The cell phone companies have not been standing by watching this trend emerge; they have begun to lead the way. At JavaOne, Nokia announced that they are building a service-oriented architecture framework on smart mobile phones that could make Web services more of household word since they will be running on our phones.
This is a bit different than more traditional SOAP interfaces between desktop/server applications and telecomm hosted servers, such as MMS message servers, location servers (see below), and presence servers. We know those approaches work, but the core shift here is a move from simple information sharing to full blown deliver of application services/behavior down to mobile devices. Thus, this is not only new, but useful. Nokia is proposing the integration of mobile clients directly into SOAs using asynchronous Web services.
Truth-be-told, mixing Web services with mobile devices is not a new concept. For instance, the .Net Compact Framework has been supporting Web services for a while now. On the Java side of things, kSOAP is a J2ME based SOAP parser and the JSR 172 provides a standards set of XML and SOAP APIs on J2ME devices.
The issue with the existing approaches is the assumption that the device interacts with one service at a time, using synchronous mechanisms (much like traditional RPCs). As you may know, synchronous and mobile devices are not terms that go well together, so many developers opted for more customized types of approaches rather than leveraging these standards.
Web services, in the context of mobile computing, is all about the notion of devices that can move in and out of service areas, and at the same time find and leverage Web services as needed, and with the right validation. This should be a bidirectional mechanism where mobile devices can both consume and provide services; in essence the mobile device becomes a peer.

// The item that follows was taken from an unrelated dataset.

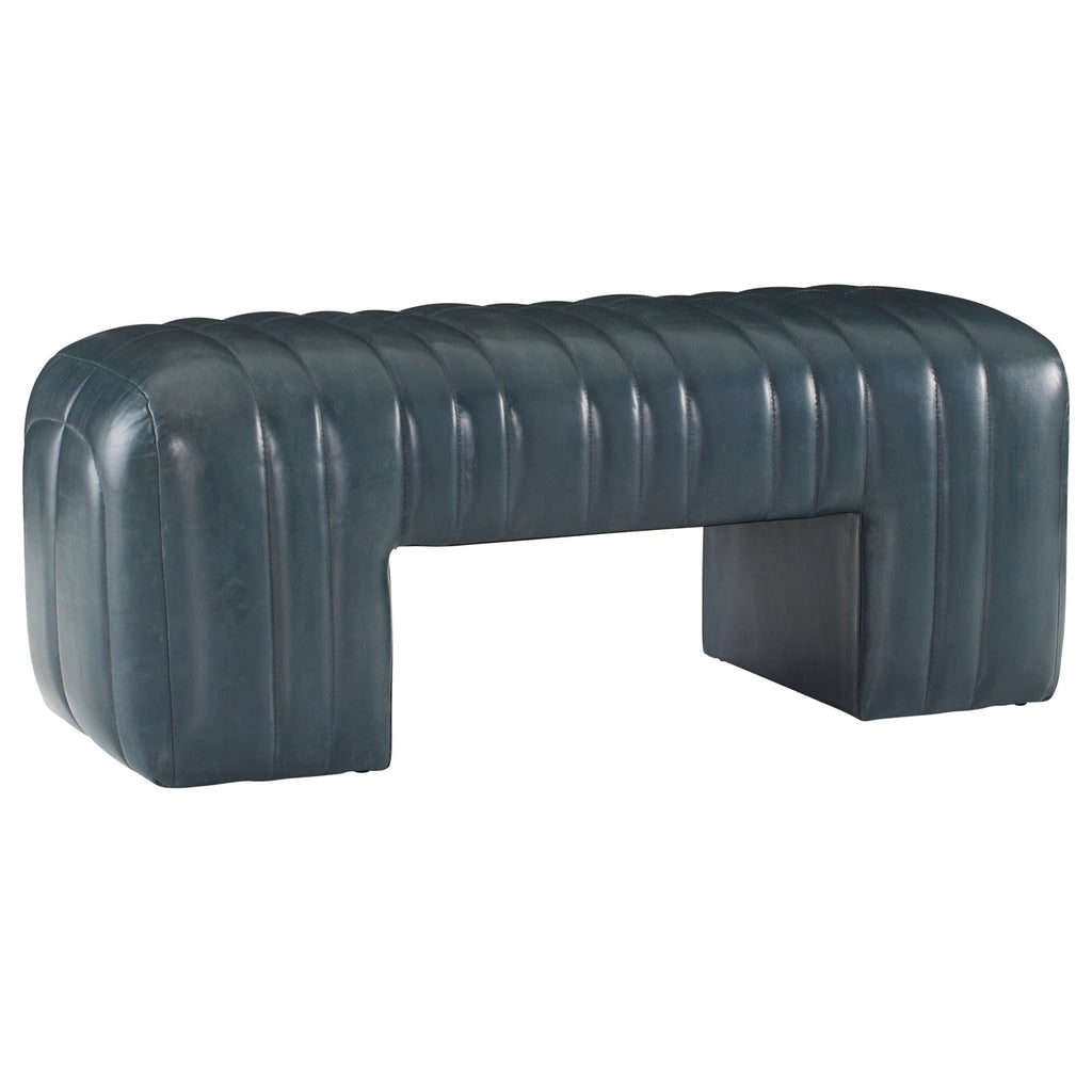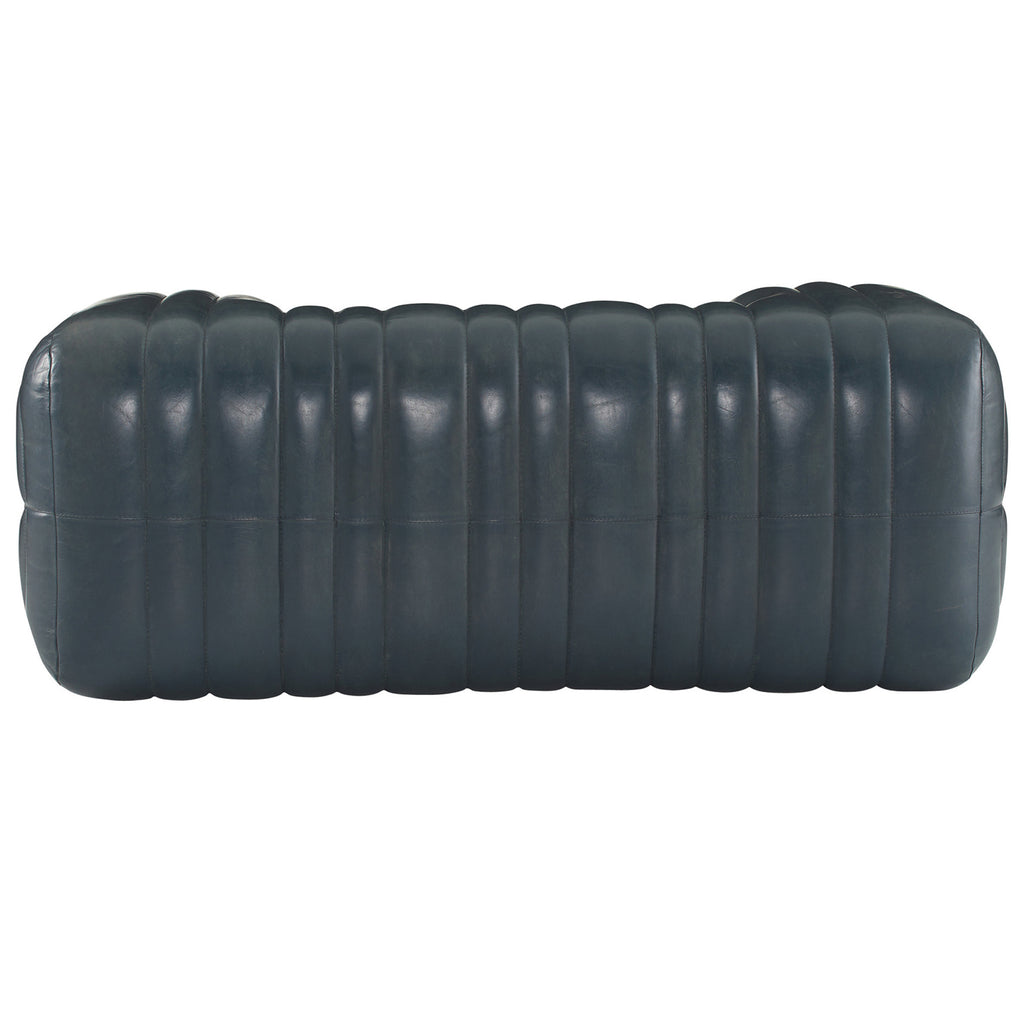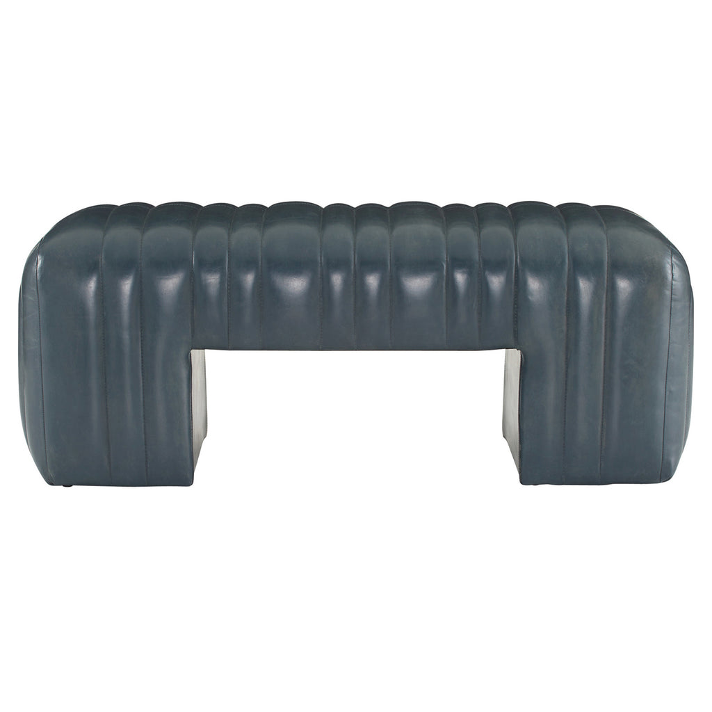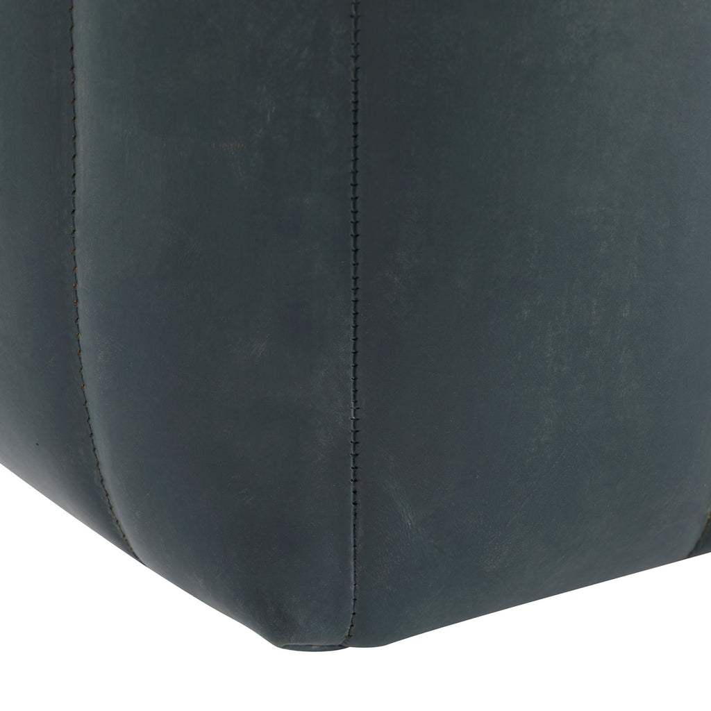 Built with generous proportions and varied channeling, a gymnastics pommel horse influenced the rounded form of our distressed storm leather bench. Its wide sides and graphic opening give it visual appeal from every angle, while the robust scale offers a grounded presence in any seating area. Leather will vary.

There never is just one standard, is there? In the mobile Web services world you also have to consider the Open Mobile Alliance (OMA) and their OMA Web services 1.0 specification. On June 15 the OMA announced the public availability of new and "up-leveled" mobile specifications which are built by OMA member companies, defining how wireless data services may be shared across operators, terminals and geographies. There are 350 member companies in the OMA.

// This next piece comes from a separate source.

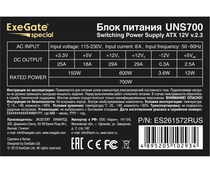 Блок питания Exegate ES261572RUS Блок питания 700W Special UNS700, ATX, 12cm fan, 24p+4p, 8/6p PCI-E, 3*SATA, 2*IDE, FDD
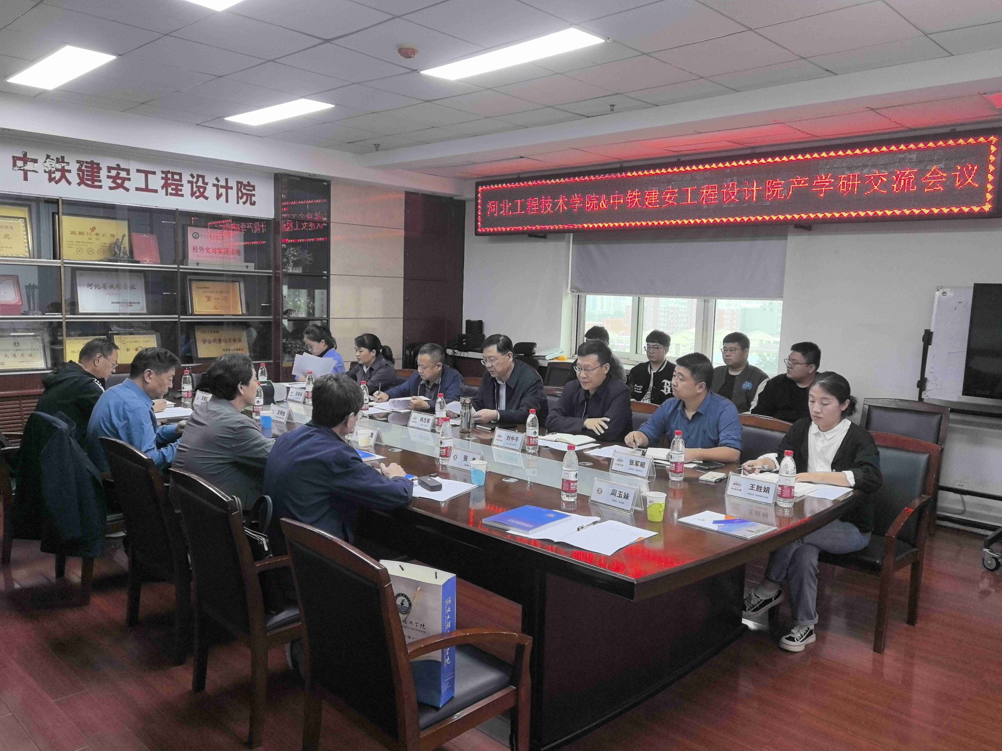 为探索科研与产教融合创新发展的新路径,深入了解用人单位需求,促进产教融合、校企合作走深走实。 10月16日下午,365英国上市官网副校长武勇带队到中铁建安工程设计院有限公司回访调研,看望慰问已经就业的学生代表,并举行产学研合作座谈会。学校教务处处长王明生、土木与建筑学院院长张杰、科研与产教融合处副处长王俊昆等陪同调研。武校长一行受到中铁建安工程设计院有限公司常务副总经理韩志军、行政副总经理刘中平、技术副总经理曹明星等高管的热烈欢迎和接待。在韩志军的陪同下,调研组一行参观了企业的办公环境、勘察工程实验室、企业荣誉展厅等,随后举行了产学研合作座谈会。

This standard, like the Nokia announcement, defines how Web services may be exposed, discovered, and consumed using standard Web services technologies. The OMA Mobile Locations Protocol defines a core set of operations that the location server is able to perform, and the OMA Online Certificate Status Protocol defines a protocol for trusted certificate validation.

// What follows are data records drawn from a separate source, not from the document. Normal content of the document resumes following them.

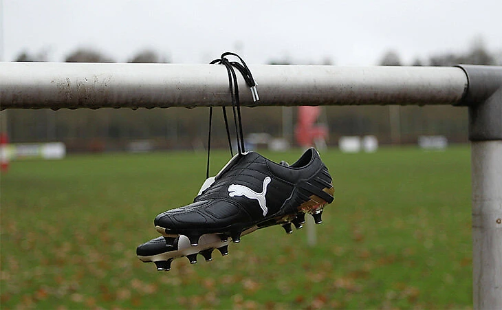 Фото: Thomas Krych/Keystone Press Agency, Fußballschuhe von Puma hängen an der Balustrade eines geschlossenen Sportplatzes. Symbolbild/Symbolfoto Amateurfußball i/Global Look Press; Gettyimages.ru/David Balogh; facebook.com/specialpatrols/posts; East News/Batard Patrick/ABACA
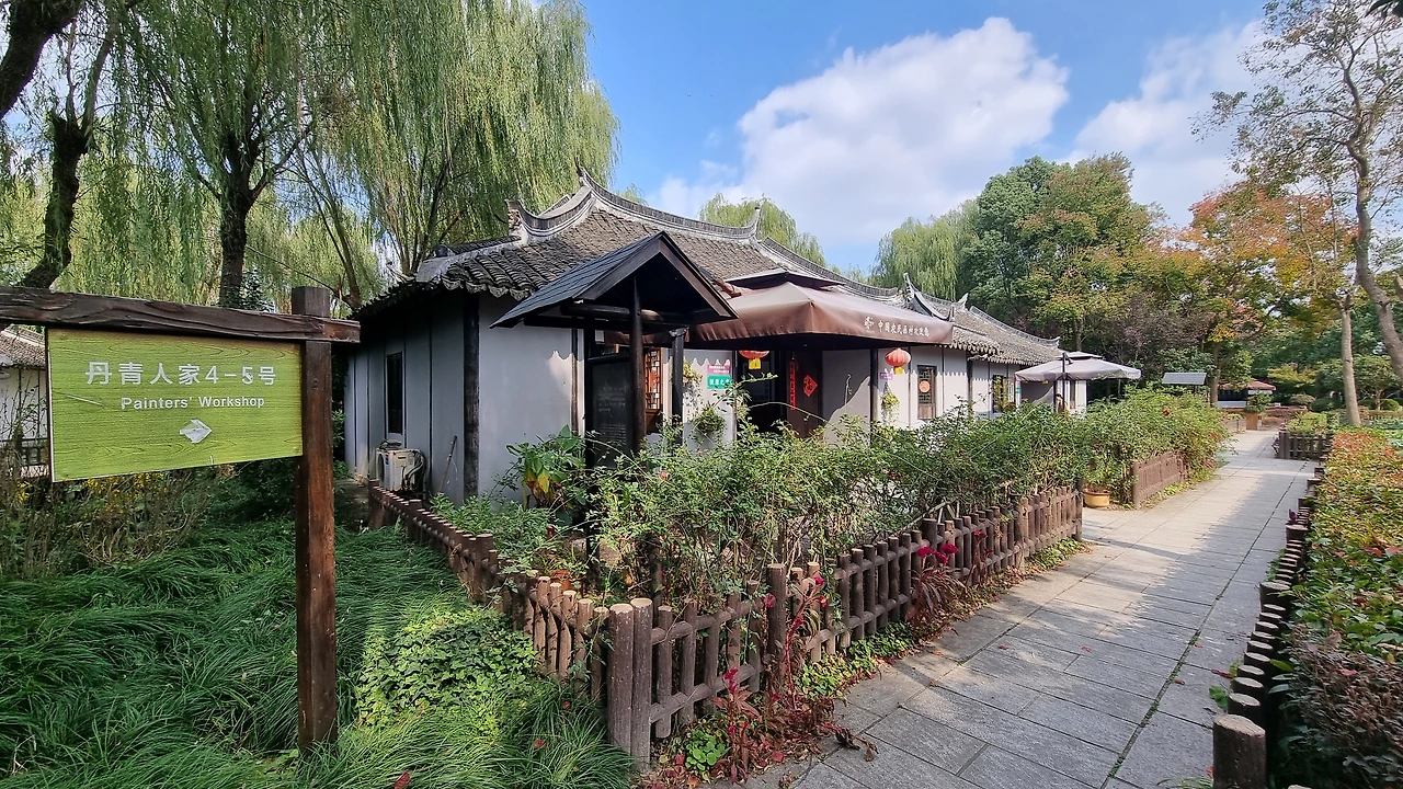 가을의 한가운데 주말이다. 한 시간 가량 차를 몰아 상하이에서 서남쪽으로 약 60km 떨어진 진샨(金山) 농민화 촌에 닿았다. 안내도를 보니 농민화 촌은 축구장 서너 개 크기 면적에 '중국 농민화 박람원'과 '단청인가(丹青人家)'라 불리는 농민화가 화랑 열다섯 채가 수로를 끼고 자리하고 있는 단출한 마을이다.
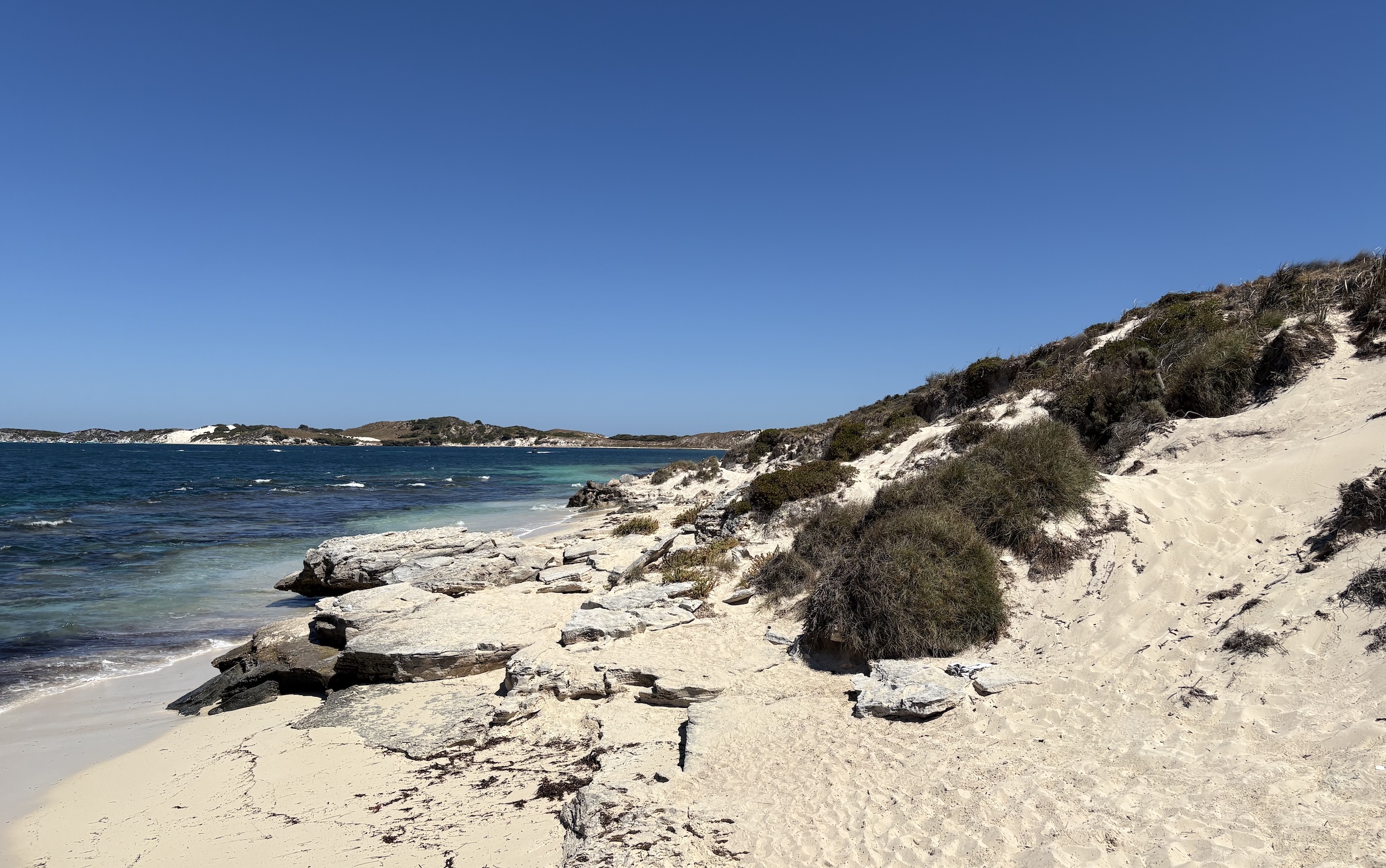 Rottnest is a low-lying island, just 19 square kilometres, but with a busy little harbour and a cluster of buildings in the main settlement at Thomson Bay. We collected our bikes from the jetty and headed off on a cycle around the island.

The goal of this specification is to provide guidelines for Web services implementations within the OMA architecture, and how to leverage SOA in the world of mobile devices. Moreover, the specification ensures interoperability across servers and terminals supporting Web services protocols.
Moreover, this specification defines security threats and services, privacy and identity management, messaging and transaction, as well as policy and system management. Also, it defines the ability to deploy OMA Web services such that the processing associated with common, cross-enabler capabilities may be factored out of individual Service Enablers and delegated to other entities. Finally, the specification defines the ability to automate the discovery and use of policy information that governs Web services interactions.